**Source material**:
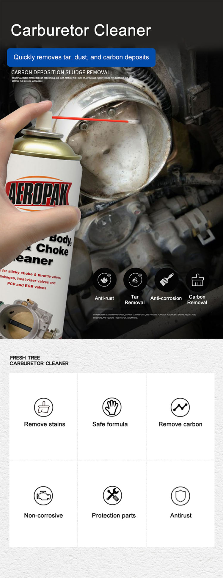 Descrição: O corpo do acelerador AEROPAK, o limpador Carby e Choke podem remover com eficácia sujeira gordurosa, goma e depósitos de carbono na válvula de PVC, válvula ERG, afogador e outras peças.O produto pode aumentar a eficiência da combustão para economizar óleo e diminuir.
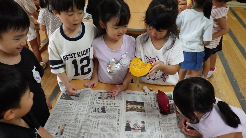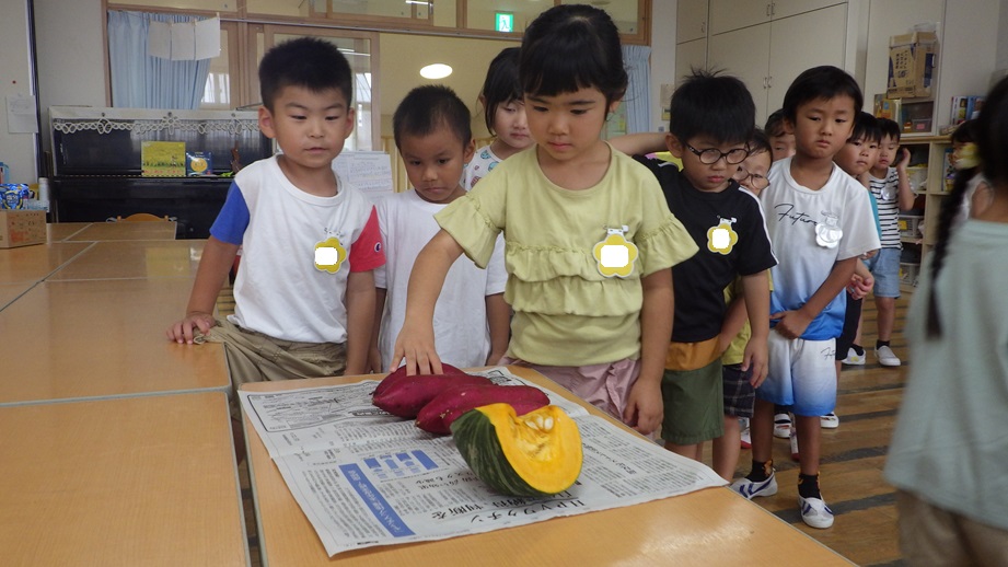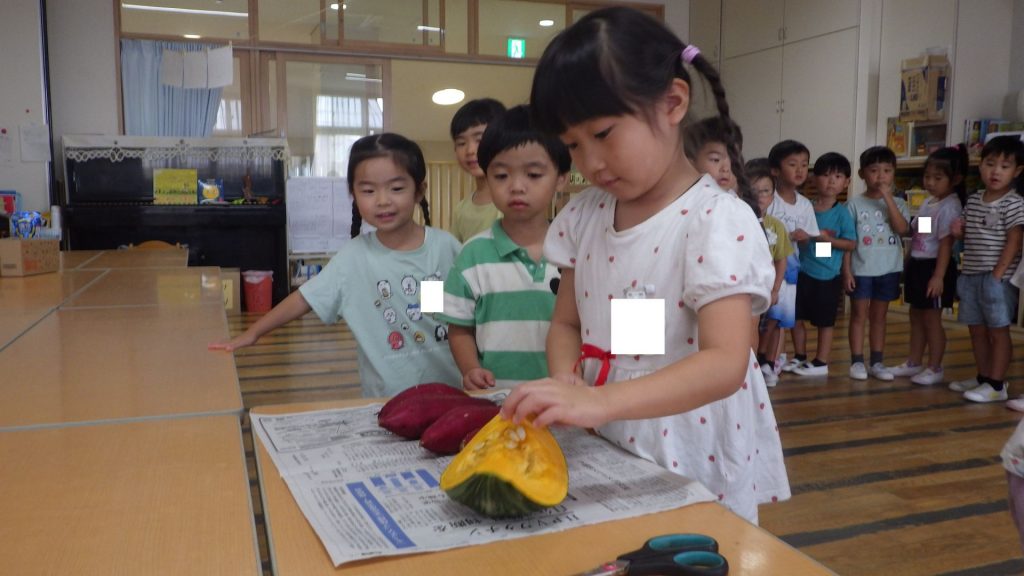 実際にかぼちゃとさつまいもに触れてみると・・・
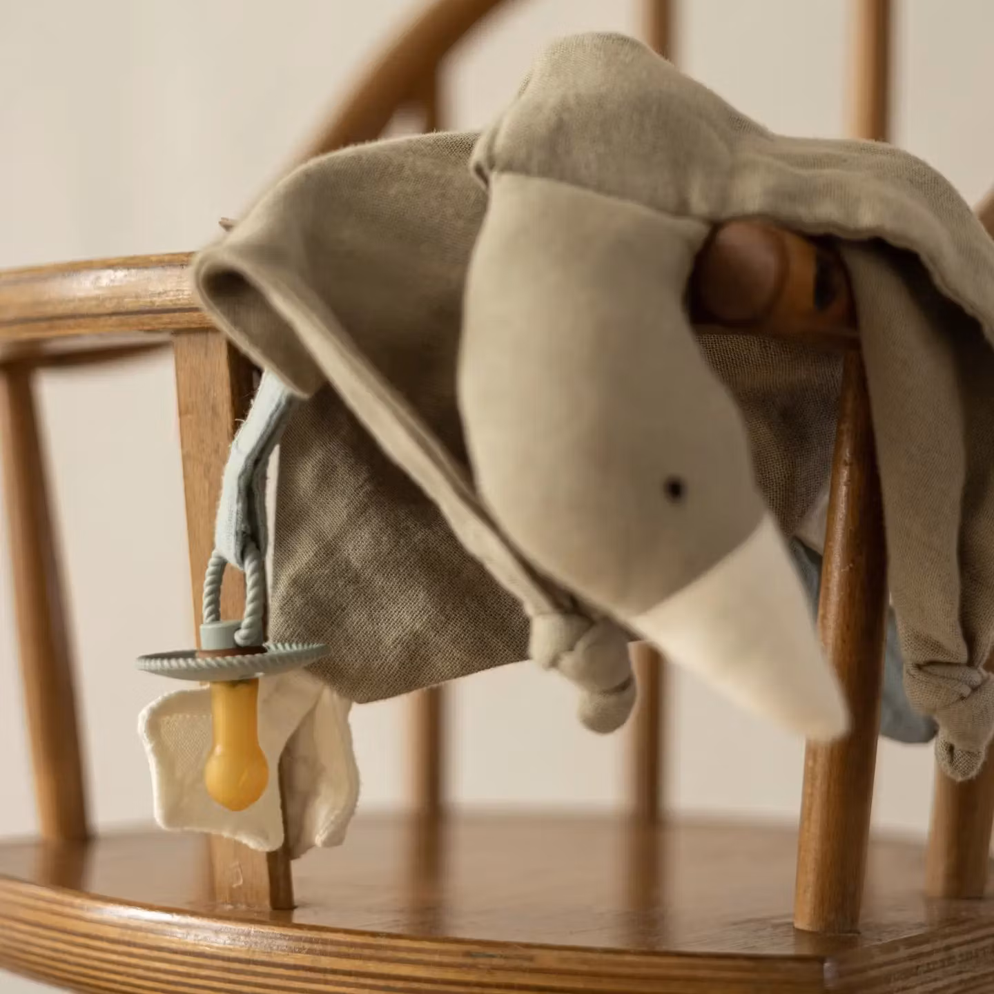 Snuttefilten är tillverkad i 100% ekologisk bomull med en fyllning av återvunnen polyester i huvudet, vilket gör den både hållbar och säker. Den genomtänkta designen inkluderar en praktisk rem, perfekt för att enkelt fästa en napp – så den alltid finns nära till hands.
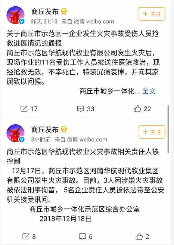 經(jīng)有關(guān)部門(mén)初步調(diào)查,事故因3名工作人員違規(guī)操作導(dǎo)致,目前3人均已被控制,此外華航現(xiàn)代牧業(yè)有限公司5名相關(guān)責(zé)任人也被依法帶至公安機(jī)關(guān)接受問(wèn)詢。
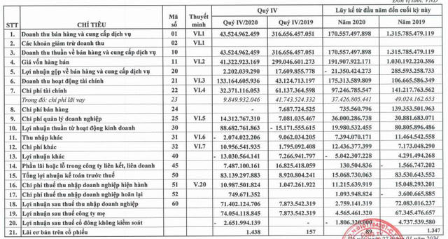 Theo BCTC, quý IV doanh thu thuần của VPI đạt 1.239 tỷ đồng giảm gần một nửa so với cùng kỳ, lợi nhuận gộp đạt 351 tỷ đồng giảm 47,5% so với cùng kỳ 2019. Giải trình trong BCTC ghi rõ, trong quý 4/2020, công ty mẹ tiếp tục ghi nhận doanh thu từ hoạt động chuyển nhượng bất động sản tại dự án The Terra An Hưng, doanh thu từ hoạt động cho thuê căn hộ dịch vụ tại dự án Khu căn hộ dịch vụ khách sạn Hồ Tây và các dịch vụ khác tăng mạnh. Tuy nhiên, do ảnh hưởng bởi biến động thị trường, doanh thu từ chuyển nhượng bất động sản tại các công ty con lại giảm dẫn tới lợi nhuận quý IV/2020 sụt giảm dẫu kết quả này lãi.
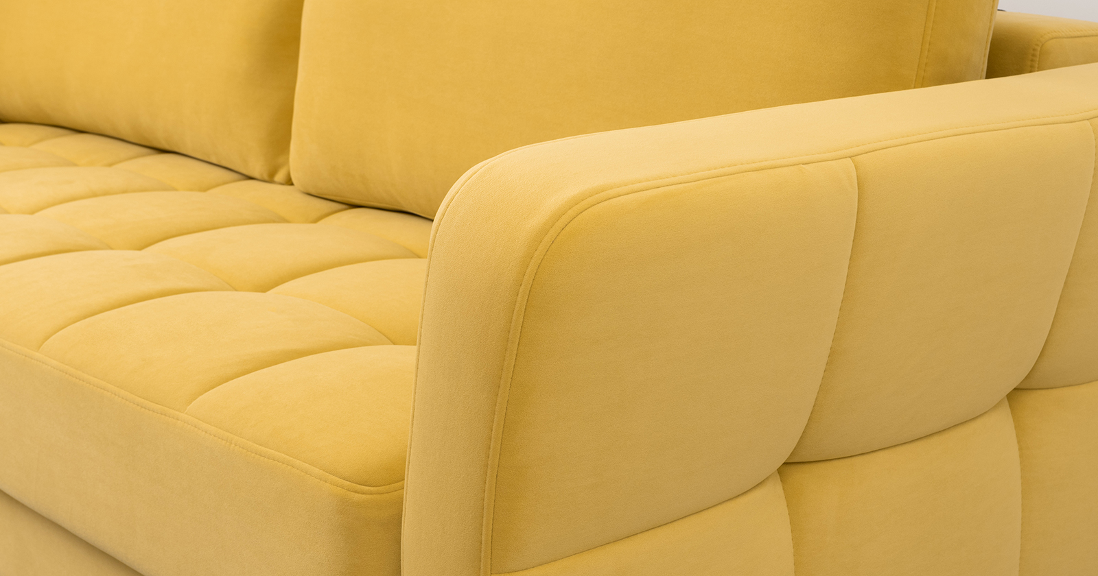Ровная отстрочка по всему периметру сидения и стежка? создающая эффект пышности выделенных форм. Подлокотники прямые с изгибом в наружные стороны, с выраженной стежкой по лицевой стороне. Стежка на посадочной части дивана.
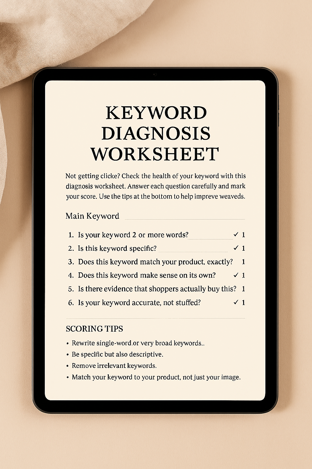 This Etsy SEO Troubleshooting Guide shows you exactly what’s going wrong — and how to fix it fast. Inside, you’ll learn how to diagnose SEO issues, improve your keywords, strengthen your titles and tags, and get your listings back in front of buyers.
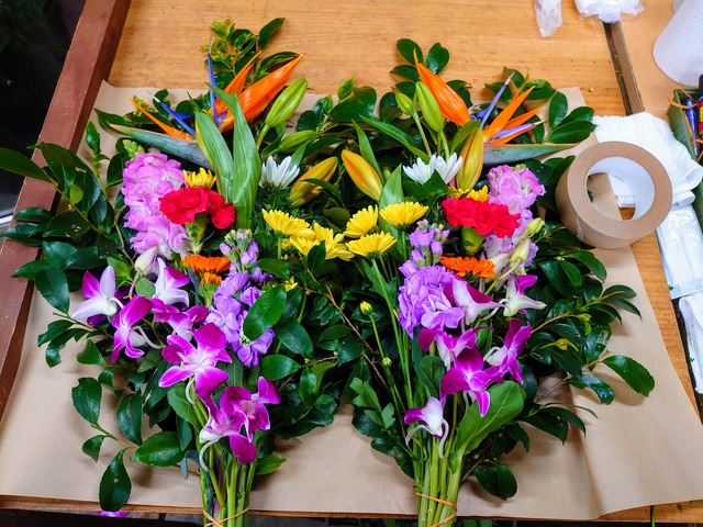 5500円の花束をご用意いたしました。このアレンジフラワーは、季節の美しい花々をふんだんに使用し、色鮮やかでフレッシュな香りをお楽しみいただけるボリュームたっぷりの花束です。お祝い事や特別な日にぴったりの花束で、贈る方も受け取る方も笑顔になること間違いありません。皆様の特別な日を彩る花束を心を込めてお届けします。ご気軽に、ご希望、ご要望などご相談ください。 ラッピングしてお届けいたします。 県外配送料金には箱代660+(クール代金)は送料に含まれています。 尚、クール便には120センチサイズまでのものしかお取り扱いができません。 規定内の箱に収まるように、お花の種類を調整させて頂いています。
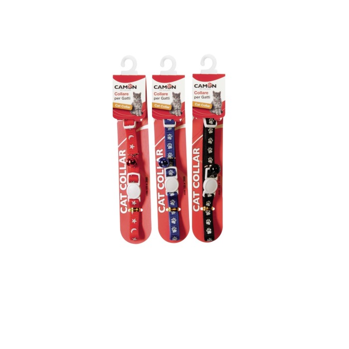 Collare per gatti in nastro di nylon molto resistente con disegni riflettenti per una maggiore sicurezza nelle ore notturne.

**Work required**: Quote all the records verbatim, dropping any pictures from your copy.

**Result of this task**:
 Descrição: O corpo do acelerador AEROPAK, o limpador Carby e Choke podem remover com eficácia sujeira gordurosa, goma e depósitos de carbono na válvula de PVC, válvula ERG, afogador e outras peças.O produto pode aumentar a eficiência da combustão para economizar óleo e diminuir.
 実際にかぼちゃとさつまいもに触れてみると・・・
 Snuttefilten är tillverkad i 100% ekologisk bomull med en fyllning av återvunnen polyester i huvudet, vilket gör den både hållbar och säker. Den genomtänkta designen inkluderar en praktisk rem, perfekt för att enkelt fästa en napp – så den alltid finns nära till hands.
 經(jīng)有關(guān)部門(mén)初步調(diào)查,事故因3名工作人員違規(guī)操作導(dǎo)致,目前3人均已被控制,此外華航現(xiàn)代牧業(yè)有限公司5名相關(guān)責(zé)任人也被依法帶至公安機(jī)關(guān)接受問(wèn)詢。
 Theo BCTC, quý IV doanh thu thuần của VPI đạt 1.239 tỷ đồng giảm gần một nửa so với cùng kỳ, lợi nhuận gộp đạt 351 tỷ đồng giảm 47,5% so với cùng kỳ 2019. Giải trình trong BCTC ghi rõ, trong quý 4/2020, công ty mẹ tiếp tục ghi nhận doanh thu từ hoạt động chuyển nhượng bất động sản tại dự án The Terra An Hưng, doanh thu từ hoạt động cho thuê căn hộ dịch vụ tại dự án Khu căn hộ dịch vụ khách sạn Hồ Tây và các dịch vụ khác tăng mạnh. Tuy nhiên, do ảnh hưởng bởi biến động thị trường, doanh thu từ chuyển nhượng bất động sản tại các công ty con lại giảm dẫn tới lợi nhuận quý IV/2020 sụt giảm dẫu kết quả này lãi.
Ровная отстрочка по всему периметру сидения и стежка? создающая эффект пышности выделенных форм. Подлокотники прямые с изгибом в наружные стороны, с выраженной стежкой по лицевой стороне. Стежка на посадочной части дивана.
 This Etsy SEO Troubleshooting Guide shows you exactly what’s going wrong — and how to fix it fast. Inside, you’ll learn how to diagnose SEO issues, improve your keywords, strengthen your titles and tags, and get your listings back in front of buyers.
 5500円の花束をご用意いたしました。このアレンジフラワーは、季節の美しい花々をふんだんに使用し、色鮮やかでフレッシュな香りをお楽しみいただけるボリュームたっぷりの花束です。お祝い事や特別な日にぴったりの花束で、贈る方も受け取る方も笑顔になること間違いありません。皆様の特別な日を彩る花束を心を込めてお届けします。ご気軽に、ご希望、ご要望などご相談ください。 ラッピングしてお届けいたします。 県外配送料金には箱代660+(クール代金)は送料に含まれています。 尚、クール便には120センチサイズまでのものしかお取り扱いができません。 規定内の箱に収まるように、お花の種類を調整させて頂いています。
 Collare per gatti in nastro di nylon molto resistente con disegni riflettenti per una maggiore sicurezza nelle ore notturne.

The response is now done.